Sunset Below The Surface REWRITE
Author's Notes
This writing is like
6 years old and unedited but it has a really important place in my heart
left all the typos and weird grammar in cause I'm working on another project and wanted to keep a little time capsule of my older writing :]
A cold gust of air wormed its way through the slightly ajar window in my small personal cell. My father preferred the term, ‘room,’ but I always insisted to agree to disagree.
I lied on the small, worn out bed my father had planted in my room, one of the many things that my father claimed I had chosen.
Although, I knew deep down that I hadn’t. I never would have picked such a revolting cover. Covered head to toe in bright orange fish, it had shown a place that I had never seen; An ocean that I had no desire to even glance at.
To accompany it, a small carpet placed on the frozen concrete floors to try and make this hell feel more like a home with a faint coral reef pattern.
“It goes with the bed,” My father would always insist but neither of us actually believed such stupid lies.

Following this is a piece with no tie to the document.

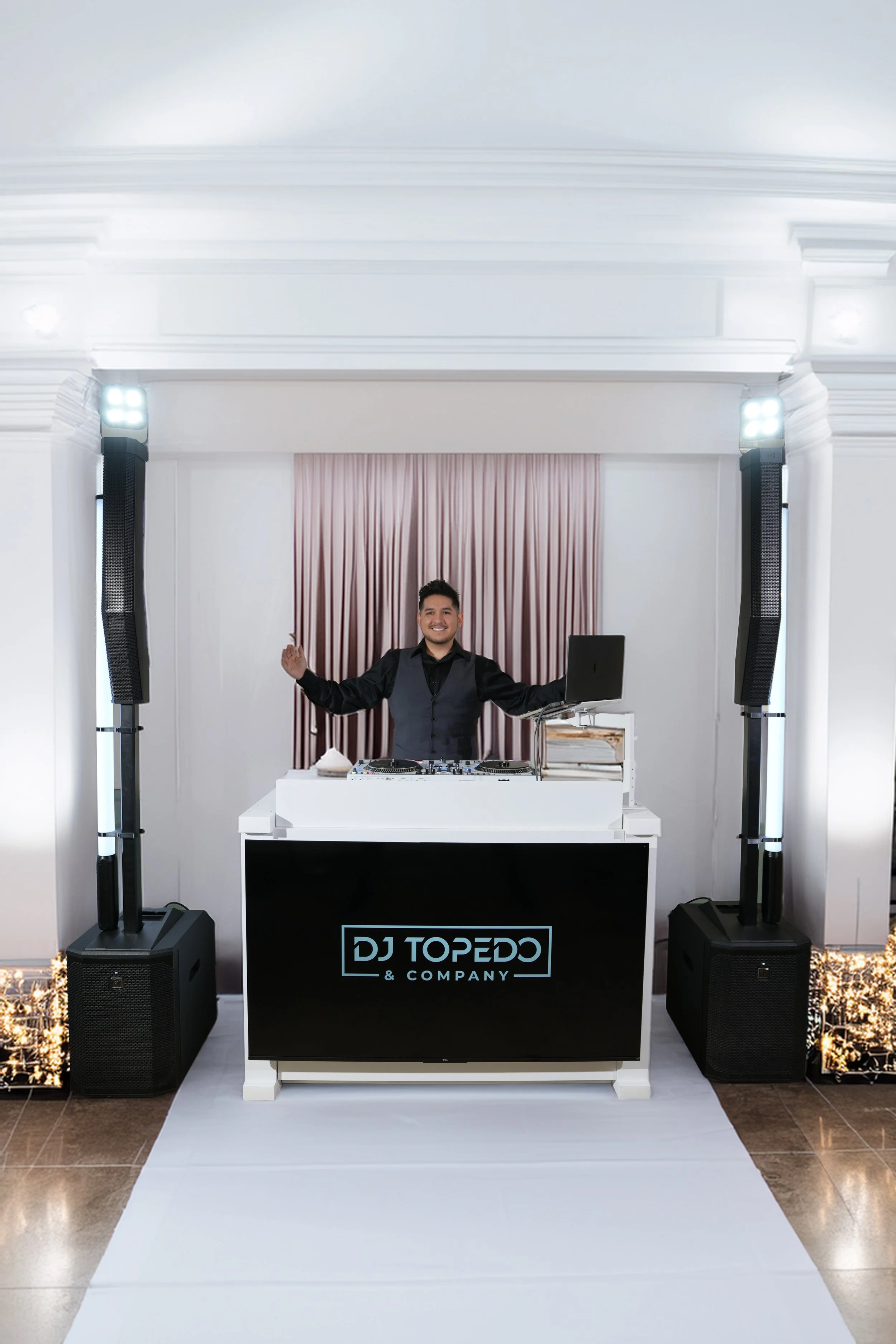 What you get: DJ Topedo himself—owner, headlining DJ, and creative force behind DJ Topedo & Company—delivering elite-level mixing, high-energy MC performance, and his signature premium display booth. Ideal for couples who want a truly unforgettable wedding experience.

The blues all entirely different, the greens muddied in such ways they made me sick, the oranges both stupidly bright and disappointingly dull, yet what I always hated the fleshy corals the most.
The years inside my little brought me to despise those pinks the most. The pinks that matched my father’s slightly warm cheeks, the pinks that I noticed creep in every day as the sun fell asleep, the pinks that matched the guts of rats that had caught themselves trapped in my father’s twisted little chamber of torment.

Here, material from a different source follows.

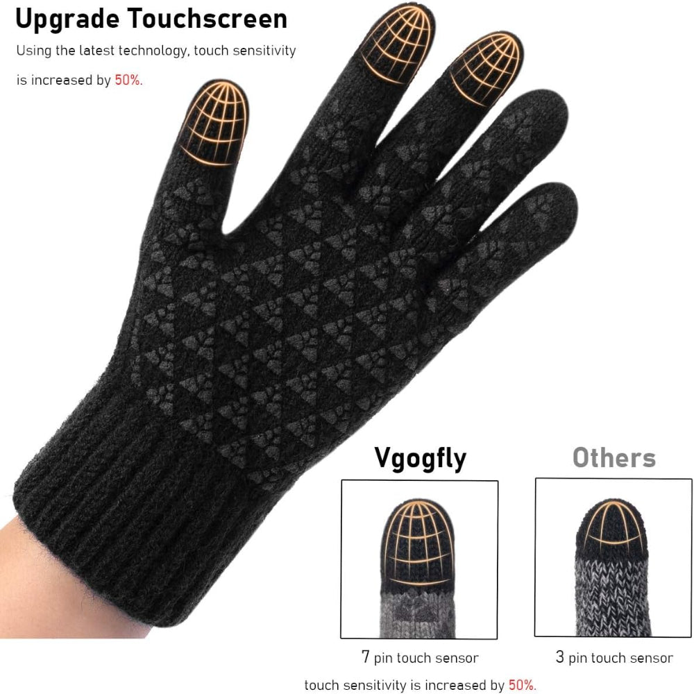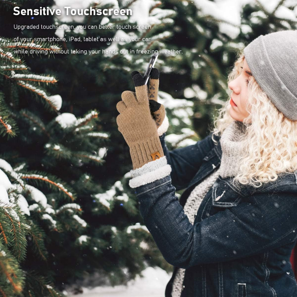 Touchscreen Friendly, Winter Knit Gloves, Anti-Slip Fleece Lined for Men and Women

And then the dresser. The least insulting item in my room. A deep wood to sit secluded on the edge. It had no special features, no adornments, no items or toys left sitting on top of it. Just a dresser that contained the last few bits of my crumbling sanity.
My father’s wife chose it for her son when both of them had still conveniently not been hit by a truck.
Sitting alone in my little birdcage led me to many thoughts. Some of which involved escaping, others of finding a way to dispose of my corpse after whatever fueled my miserable body found a new home.
But I never could actually take the initiative to do any of those things.
I always wallowed and cried but I never got up to do anything.
Until I heard her.
A shout. A scream. A single call for something, anything, just to run down and save her.
A shout that would be that yelled that I needed to go. I needed to stop feeling sorry and start actually feeling. A shout so vivid, so pained, yet so beautiful, that it seemed more like a song.
And so, I began to run. I ran through bland stone corridors and twisted staircases, following the melody of screams. I descended down through endless wooden doors and mazes, going left and right continuously until I finally reached it.
The cold metal door I longed for, the siren that called for me, and my father, back turned, slicing apart the one thing I ever tried to reach.